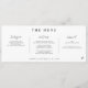 Diese einzigartigen horizontalen Hochzeitsmenüs verfügen über ein modernes Schriftzeichen in einem einfachen Schwarz-Weiß-Design. Personalisiert mit den Namen der Paare und dem Hochzeitstag fügen sie Ihrem Empfang eine stilvolle und zeitgemäße Touch hinzu, die Eleganz mit einem personalisierten Flair für Ihren besonderen Tag verbindet.
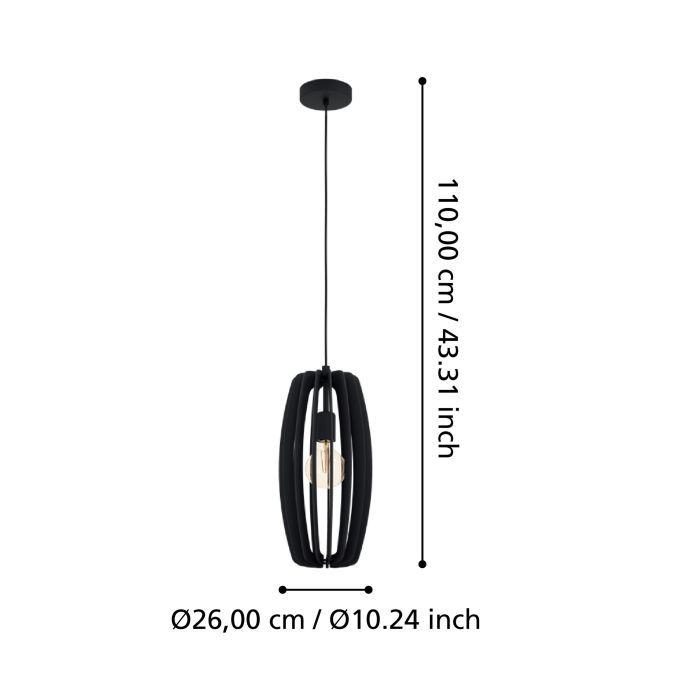 Μονόφωτο κρεμαστό φωτιστικό από την εταιρεία Eglo σε μαύρο χρώμα, με υποδοχή για έναν λαμπτήρα και ντουί E27. Είναι κατασκευασμένο από μέταλλο, ένα υλικό δημοφιλή στα κρεμαστά φωτιστικά οροφής, καθώς πέρα από τη μοντέρνα νότα που προσφέρει, είναι ιδιαίτερα ανθεκτικό στον χρόνο. Καθαρίζεται εύκολα με ένα πανί.
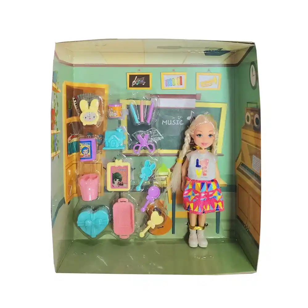 Hermosa muñeca acompañada de sus accesorios escolares para que las pequeñas de la casa se diviertan , Esta se enciende Presionando el botón del collar de la muñeca sonara música La caja incluye : 1 muñeca y accesorios Ficha Técnica: Dimensiones muñeca : 12 cm x 4 cm Dimensiones del empaque: 22 cm x 28 cm x 6 cm Material: PVC / plástico ABS / Polipropileno no tóxico. Edad recomendada: + 3 años Referencia: C3834 Certificado de conformidad: E5-0359-2021 Términos de garantía: Para defectos de fábrica o retractos: Por favor revise el producto apenas lo reciba y antes de usarlo. No aplican ley de retracto o defectos de fábrica luego de usar el producto. Se manejan máximo 5 días para reportar defectos de fábrica (por ejemplo, producto funciona mal, piezas faltantes, rotas, etc). Para hacer efectiva la devolución el producto debe devolverse con el empaque original, el cual debe estar en buen estado, incluir todos los documentos y las partes completas y sin daños. Garantía del vendedor: 1 meses
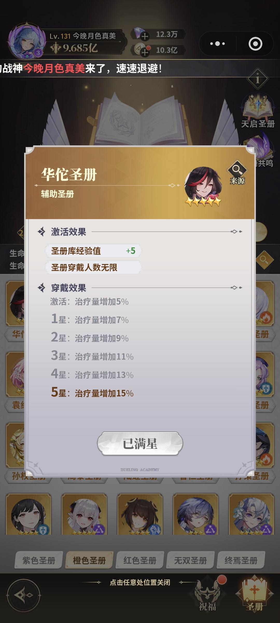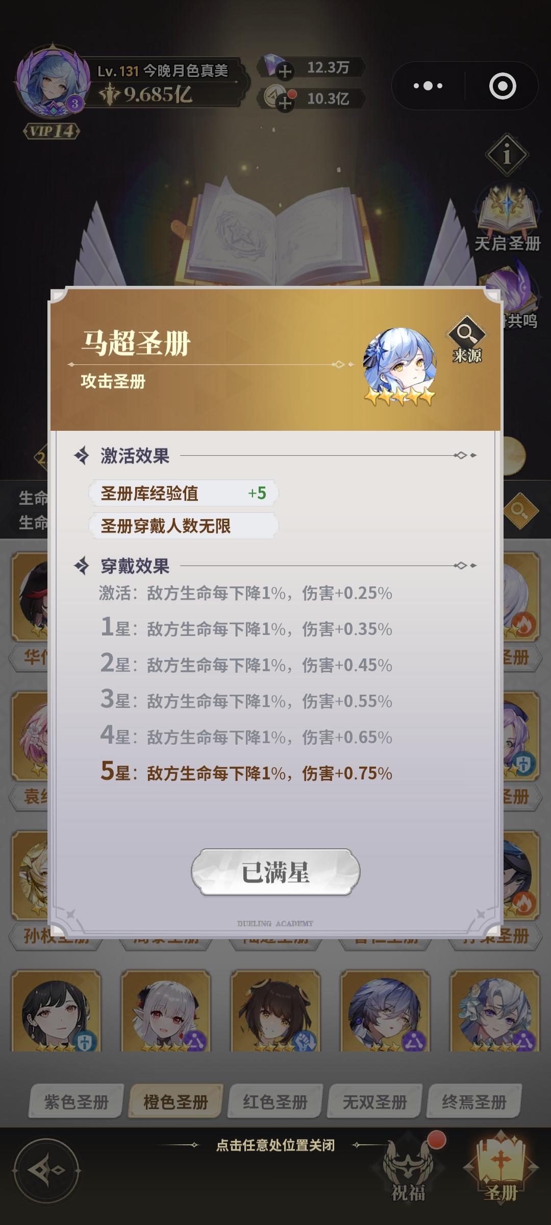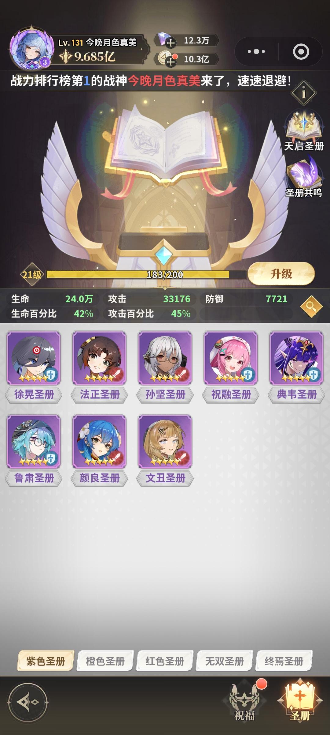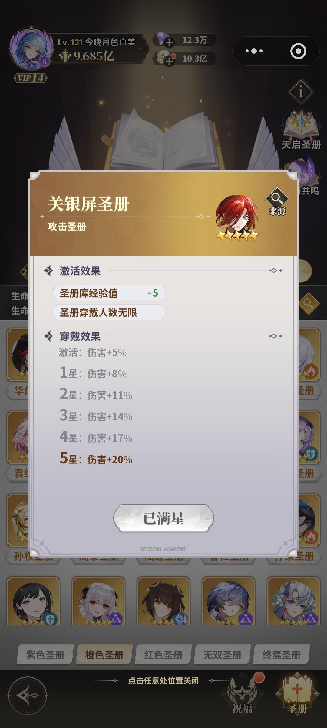 首先如图圣册也是发品质的我们前期主要以红色册子为主从橙色里挑几个拔尖的的用,紫的我们一般不用的,实在没东西用才会上。
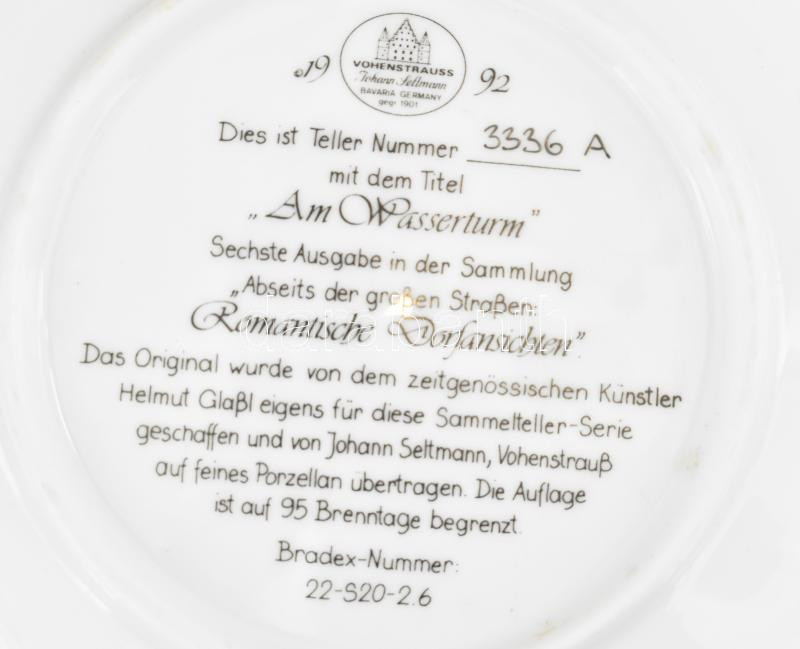 1992, Vohenstrauss dísztál, "A víztoronynáll", jelzett, sors... https://www.darabanth.com/de/471-Fernauktion/471.0/Porzellan-Keramik-Glass/Porzellan~500006/1992-Vohenstrauss-disztal-A-viztoronynall-jelzett-sorszamozott-hibatlan-eredeti-dobozC3~II3096389
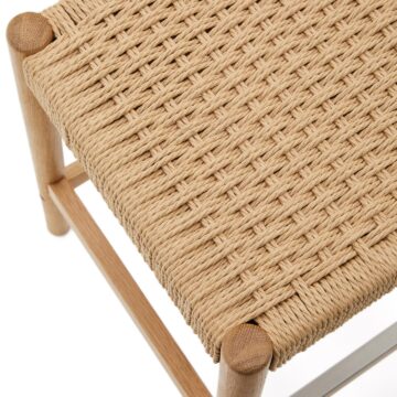 Barski stol Yalia združuje tradicionalno izdelavo in naravne materiale. Masivni hrastov les in ročno prepleten sedež iz papirnate vrvi ustvarjata brezčasen dizajn, ki prinaša toplino in udobje v vsak prostor.
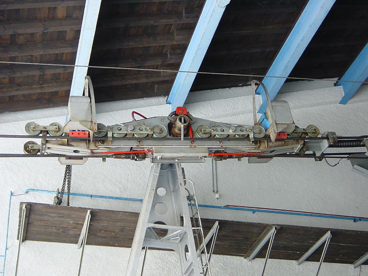 Du meinst bestimmt die Sektion zwischen Gerschnialp und Trübsee. Hier konnte Garaventa aber das sonst übliche Laufwerk nicht einsetzen, da diese VonRoll-Anlage aus den 60er Jahren noch eine Seilspur von nur 550 mm hat, das Garaventa-Laufwerk hingegen ein Maß von 700 mm. Man mußte hier ein komplett anderes Laufwerk konstruieren, da die Garaventa-Tragseilbremse mit quer liegenden Federpaketen bei dieser kleinen Spur räumlich nicht unterzubringen war. Das Problem war für Garaventa aber nicht neu, siehe Corvatsch, Jakobshorn, Pilatus...
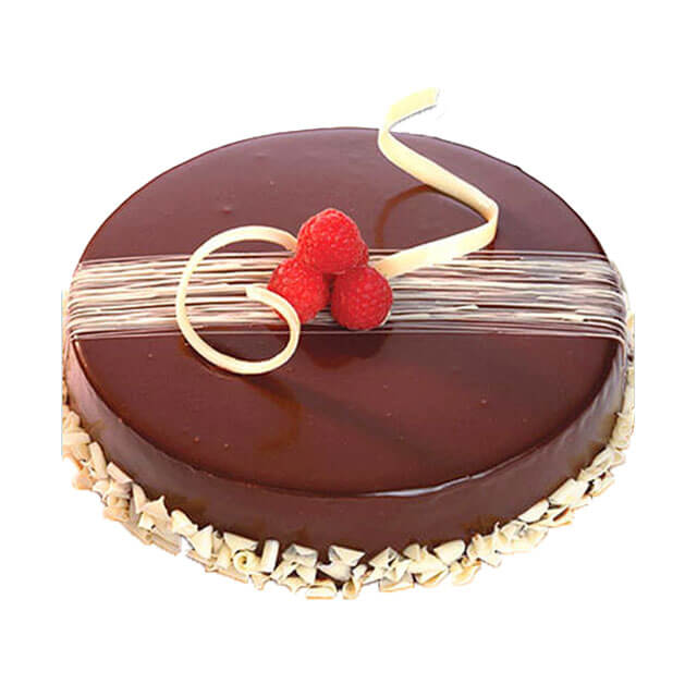 Chocolate Cake with Black Cherry topping, decorated with Swiss Chocolate and Seasonal Fruits. Size: 8 Inches
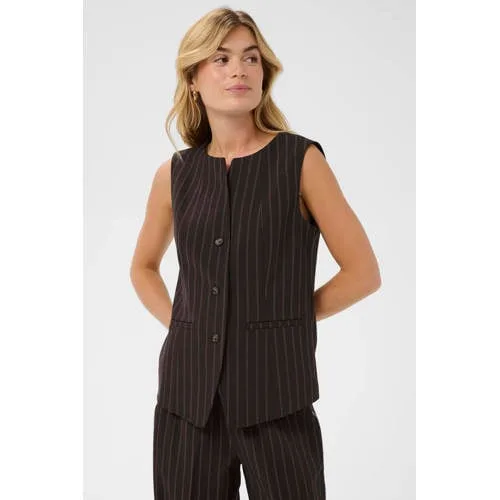 Saint Tropez gilet met krijtstreep donkerbruin
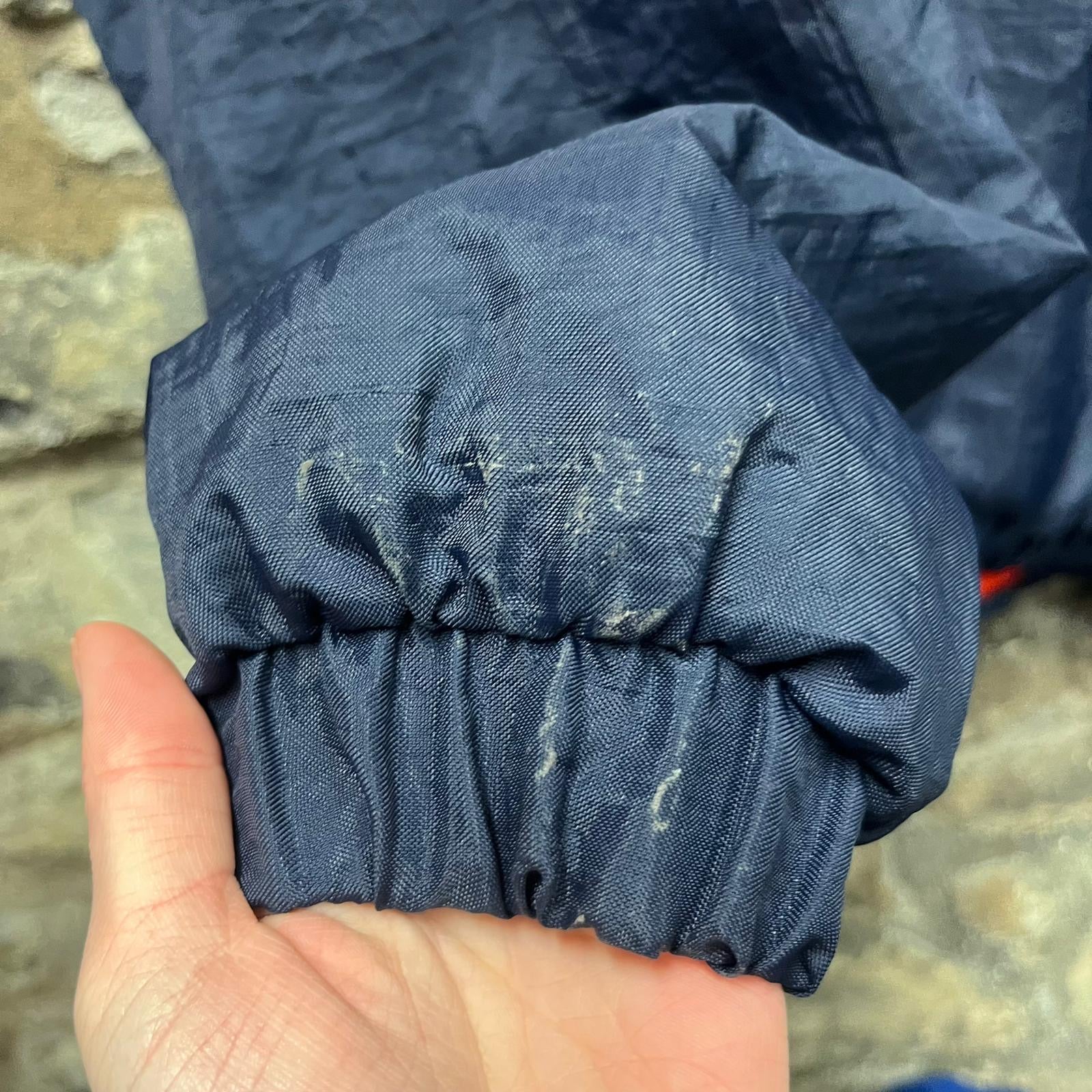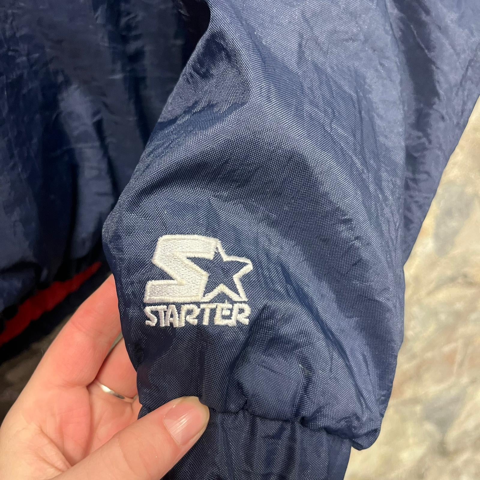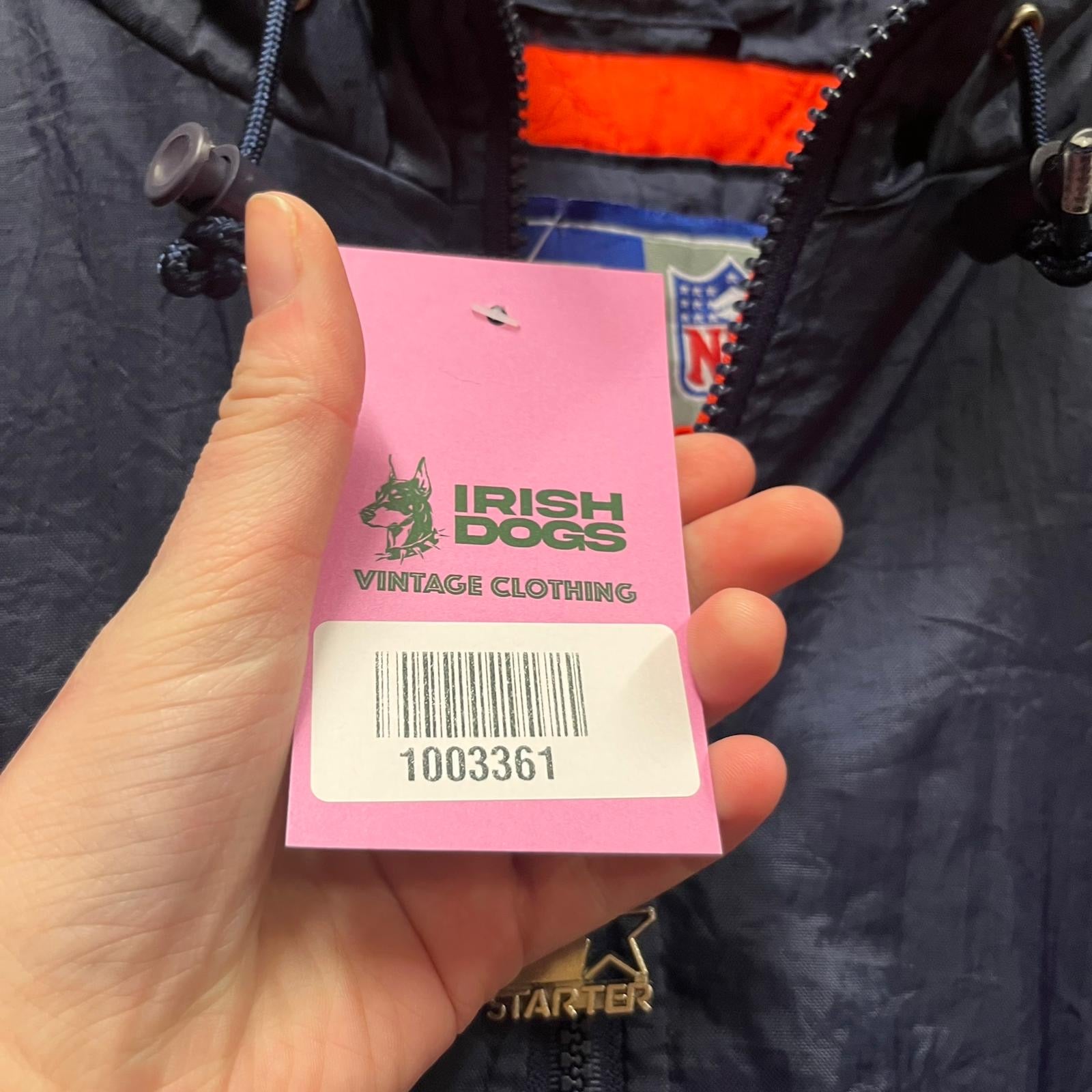 Product details: Vintage Starter x NFL Chicago Bears hooded pullover puffer/anorak style with half-zip front and oversized kangaroo flap pocket. Navy nylon shell with bold orange and white colorblock sleeve panels, embroidered BEARS wordmark on front pocket, large stitched Chicago Bears “C” bear-head back logo, NFL shield patch on sleeve, and Starter embroidery at cuff plus metal Starter zipper pull. Elasticated cuffs and hem; light surface wear/marking visible at cuff in photos. Brand: Starter.| Label Size | |

§ **What this task involves**
Transcribe the records above exactly, skipping pictures.

§ **Solution**
 Diese einzigartigen horizontalen Hochzeitsmenüs verfügen über ein modernes Schriftzeichen in einem einfachen Schwarz-Weiß-Design. Personalisiert mit den Namen der Paare und dem Hochzeitstag fügen sie Ihrem Empfang eine stilvolle und zeitgemäße Touch hinzu, die Eleganz mit einem personalisierten Flair für Ihren besonderen Tag verbindet.
 Μονόφωτο κρεμαστό φωτιστικό από την εταιρεία Eglo σε μαύρο χρώμα, με υποδοχή για έναν λαμπτήρα και ντουί E27. Είναι κατασκευασμένο από μέταλλο, ένα υλικό δημοφιλή στα κρεμαστά φωτιστικά οροφής, καθώς πέρα από τη μοντέρνα νότα που προσφέρει, είναι ιδιαίτερα ανθεκτικό στον χρόνο. Καθαρίζεται εύκολα με ένα πανί.
 Hermosa muñeca acompañada de sus accesorios escolares para que las pequeñas de la casa se diviertan , Esta se enciende Presionando el botón del collar de la muñeca sonara música La caja incluye : 1 muñeca y accesorios Ficha Técnica: Dimensiones muñeca : 12 cm x 4 cm Dimensiones del empaque: 22 cm x 28 cm x 6 cm Material: PVC / plástico ABS / Polipropileno no tóxico. Edad recomendada: + 3 años Referencia: C3834 Certificado de conformidad: E5-0359-2021 Términos de garantía: Para defectos de fábrica o retractos: Por favor revise el producto apenas lo reciba y antes de usarlo. No aplican ley de retracto o defectos de fábrica luego de usar el producto. Se manejan máximo 5 días para reportar defectos de fábrica (por ejemplo, producto funciona mal, piezas faltantes, rotas, etc). Para hacer efectiva la devolución el producto debe devolverse con el empaque original, el cual debe estar en buen estado, incluir todos los documentos y las partes completas y sin daños. Garantía del vendedor: 1 meses
 首先如图圣册也是发品质的我们前期主要以红色册子为主从橙色里挑几个拔尖的的用,紫的我们一般不用的,实在没东西用才会上。
 1992, Vohenstrauss dísztál, "A víztoronynáll", jelzett, sors... https://www.darabanth.com/de/471-Fernauktion/471.0/Porzellan-Keramik-Glass/Porzellan~500006/1992-Vohenstrauss-disztal-A-viztoronynall-jelzett-sorszamozott-hibatlan-eredeti-dobozC3~II3096389
 Barski stol Yalia združuje tradicionalno izdelavo in naravne materiale. Masivni hrastov les in ročno prepleten sedež iz papirnate vrvi ustvarjata brezčasen dizajn, ki prinaša toplino in udobje v vsak prostor.
 Du meinst bestimmt die Sektion zwischen Gerschnialp und Trübsee. Hier konnte Garaventa aber das sonst übliche Laufwerk nicht einsetzen, da diese VonRoll-Anlage aus den 60er Jahren noch eine Seilspur von nur 550 mm hat, das Garaventa-Laufwerk hingegen ein Maß von 700 mm. Man mußte hier ein komplett anderes Laufwerk konstruieren, da die Garaventa-Tragseilbremse mit quer liegenden Federpaketen bei dieser kleinen Spur räumlich nicht unterzubringen war. Das Problem war für Garaventa aber nicht neu, siehe Corvatsch, Jakobshorn, Pilatus...
 Chocolate Cake with Black Cherry topping, decorated with Swiss Chocolate and Seasonal Fruits. Size: 8 Inches
 Saint Tropez gilet met krijtstreep donkerbruin
 Product details: Vintage Starter x NFL Chicago Bears hooded pullover puffer/anorak style with half-zip front and oversized kangaroo flap pocket. Navy nylon shell with bold orange and white colorblock sleeve panels, embroidered BEARS wordmark on front pocket, large stitched Chicago Bears “C” bear-head back logo, NFL shield patch on sleeve, and Starter embroidery at cuff plus metal Starter zipper pull. Elasticated cuffs and hem; light surface wear/marking visible at cuff in photos. Brand: Starter.| Label Size | |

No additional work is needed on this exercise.